Earlier Qatar's Oil Minister Abdullah bin Hamad al-Attiya said in his opening remarks at the forum's official opening that no decisions that "will have any direct or quick influence on international markets or price levels" are expected to be made at the conference, which ends Tuesday.

This was confirmed by his Iranian counterpart in comments to reporters.

"OPEC is producing as much as it can and there is not a physical lack of oil, so I don't think there will be a change," Kazem Vaziri-Hamaneh said.

He said Iran, which is the world's fourth and OPEC's second biggest crude producer, was close to its quota of around four million barrels a day.

"So OPEC is doing its best at the moment, stocks are improving, the production level is appropriate," he added.

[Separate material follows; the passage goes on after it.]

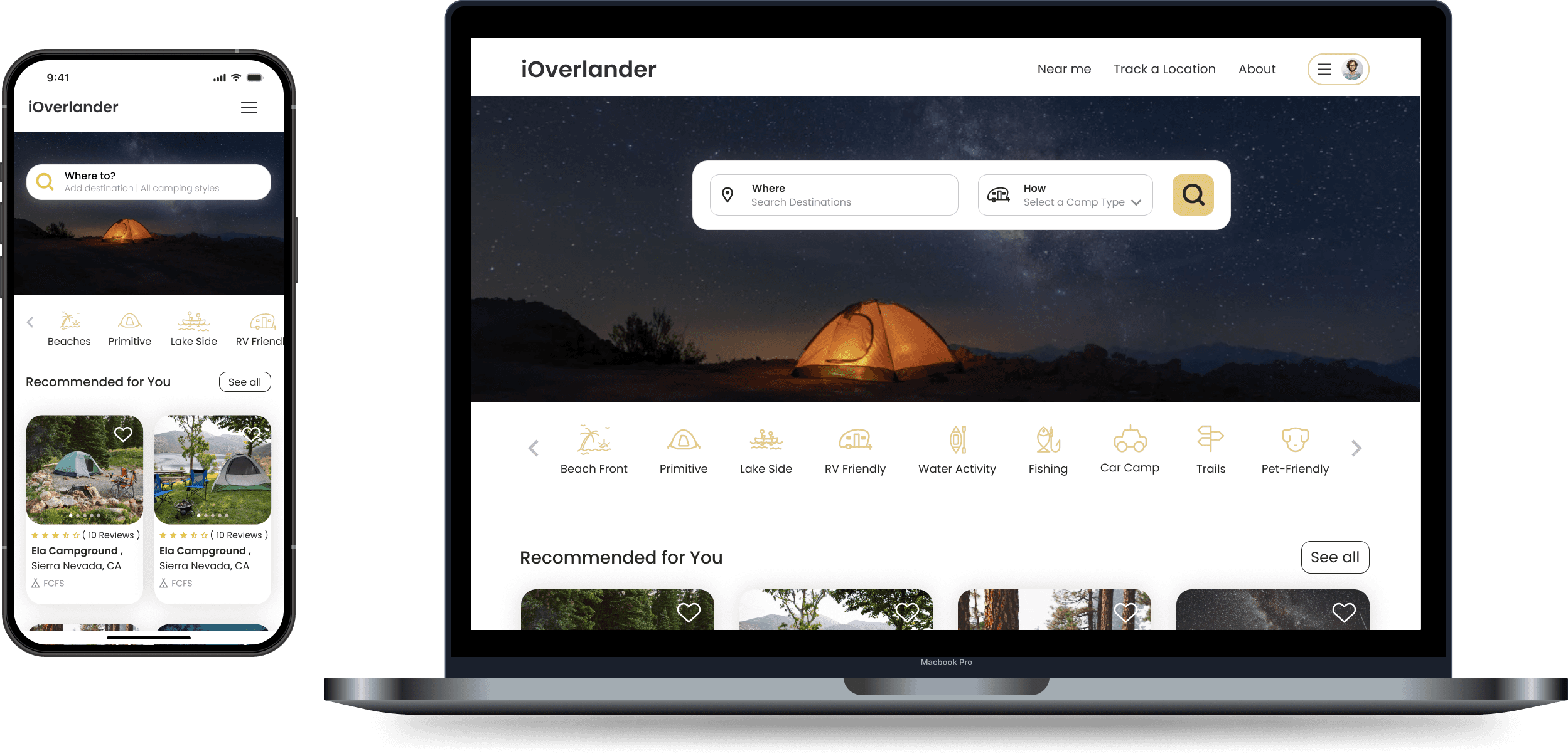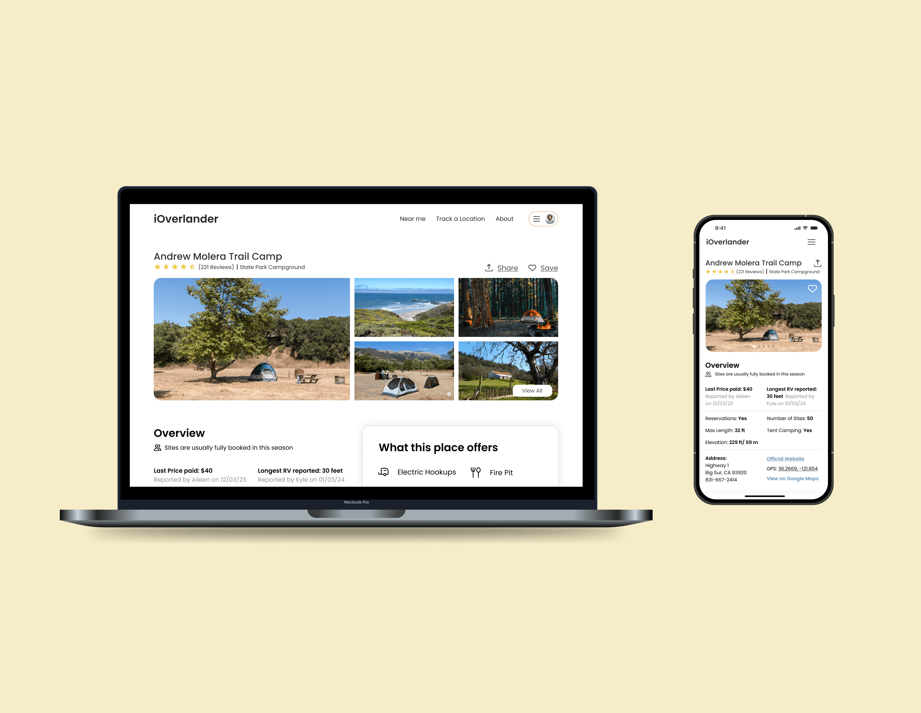 To showcase the redesigned IOverlander platform, a high-fidelity prototype was created. The videos demonstrate the process of searching for campsites, filtering results, and exploring detailed campsite information.

In an interview with AFP on Saturday, Vaziri-Hamaneh said without naming the United States directly that countries who are trying to intimidate Iran over what it regards as its right to enrich uranium were the ones to blame for the rattled oil markets.

"Research in enrichment should not be the cause for that sort of tension, those who are escalating are the ones causing the tension," he said.

A senior US energy department official attending the Doha forum admitted that tension over Iran was affecting oil markets but that it was Iran's fault in initiating uranium enrichment in defiance of the international community.

"I think the world has spoken out about its feelings (over Iran) and unfortunately there is a reaction in the market," Karen Harbert, assistant secretary for policy and international affairs told AFP.

US Energy Secretary Samuel Bodman was expected later on Sunday in Doha.
Nine of OPEC's ministers were already in Qatar with the Saudi Oil Minister Ali al-Nuaimi, considered the cartel's kingpin, expected on Monday, according to organisers.

OPEC President Edmund Daukoru, who is also Nigeria's oil minister, reiterated the cartel's view that market instability was linked to insufficient refining capacity among the world's main consumers like the United States, making it useless to pump more crude.

"Refiners cannot take it up so it's no use," he told reporters.

"The gravity of the situation requires some leadership from major consumers."